By sheer coincidence — that’s God acting anonymously — the Old Testament lesson from the Book of Proverbs this morning tells us that wisdom is a mighty handy resource about now and, what is more, surprise, wisdom is a woman.
“The Lord created me at the beginning of his work,” she says [Prov 8.22]. Which is to say that she, wisdom, was there when God made the heaven, the sea, the earth. It was as if God needed a woman’s imagination to help make them, a woman’s eye to make sure they were made right, a woman’s spirit by which to measure their beauty. Wisdom is not only a matter of the mind, but of the intuition and of the heart where imagination, discernment, and spirit become the very blueprint of its dimensions. [Fred Buechner said it in Whistling in the Dark, Harper & Row, p 112, 1988]
Wisdom — imagination, discernment, spirit. Imagination to continue to create what has never happened before.
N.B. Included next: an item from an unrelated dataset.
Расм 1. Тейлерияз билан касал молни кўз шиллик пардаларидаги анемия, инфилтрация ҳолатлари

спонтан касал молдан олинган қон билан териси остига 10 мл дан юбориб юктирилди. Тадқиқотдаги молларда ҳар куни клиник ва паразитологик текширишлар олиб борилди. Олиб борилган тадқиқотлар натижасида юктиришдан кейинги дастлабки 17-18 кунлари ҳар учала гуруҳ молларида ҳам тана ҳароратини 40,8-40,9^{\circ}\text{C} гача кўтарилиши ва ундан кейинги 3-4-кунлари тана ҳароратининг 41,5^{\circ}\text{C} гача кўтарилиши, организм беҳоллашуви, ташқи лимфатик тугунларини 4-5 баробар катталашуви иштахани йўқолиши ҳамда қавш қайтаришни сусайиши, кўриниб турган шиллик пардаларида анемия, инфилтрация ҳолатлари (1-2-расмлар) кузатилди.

Discernment to continue to evaluate our times and our place within them, remembering Karl Barth, the great Swiss theologian, who admonished every Christian to keep the Bible in one hand and the daily news in the other.
Imagination, discernment, and the Spirit to reopen ourselves to a servanthood energized, shaped, and emboldened to breach old boundaries. We must continue to pray for and adopt an empowering innerness and an explosive outwardness. One is the intensive energy of galvanizing commitment, the other, the extensive power of lavish inclusiveness that embraces the whole of humanity in a geography without boundaries [cf Bennett Sims, Servanthood: Leadership for the Third Millennium, Cowley, 1997, p 66].
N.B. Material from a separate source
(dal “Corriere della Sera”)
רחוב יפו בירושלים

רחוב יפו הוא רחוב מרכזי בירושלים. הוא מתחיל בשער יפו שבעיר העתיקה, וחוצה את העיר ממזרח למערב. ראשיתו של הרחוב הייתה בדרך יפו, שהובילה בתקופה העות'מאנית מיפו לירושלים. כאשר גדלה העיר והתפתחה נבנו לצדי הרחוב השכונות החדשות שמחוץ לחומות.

You know, by the grace of God, we may well have been prophetic. And now by that same grace, we must become thoughtfully pastoral. Our parishes, where the rubber meets the road, must become well-equipped to assume the stole of servant leadership Jesus calls us to. We cannot rest in the false security of religion and so-called orthodoxy as would so many, even the well-intentioned.
Several other denominations have been stalling for years on what we are now affirming. Everyone should be welcomed. No one should be content with second-class citizenship and excluded from leadership. There is no room for pretense, least of all in the church.
We as Christians need to get past this enervating debate so that we can move on to other pressing issues that require the churches’ attention, such as the growing gap between the rich and the poor — about which Jesus did have something very clear to say.
Our church has refreshingly and deliberately come to a decision about the nagging questions that have paralyzed so many other churches. Unlike many of our fellows and leaders, I am proud of our church and that I am an Episcopalian, for together with you and you and you, I am that church. And I am not equivocating or preaching any eulogies or draping any black crepe over that proud fact.
Let us continue to embrace that selfless risk of faith and love, peace and justice, and to care for the wounded, feed the hungry, and show compassion to the brokenhearted and to the broken-spirited, perhaps any of those who’ve hung out the black crepe, as well. As Bishop Gene Robinson reminds us so often, “We’re all going to heaven… so lighten up. And, as well, for those who despise us, love ‘em, anyway.”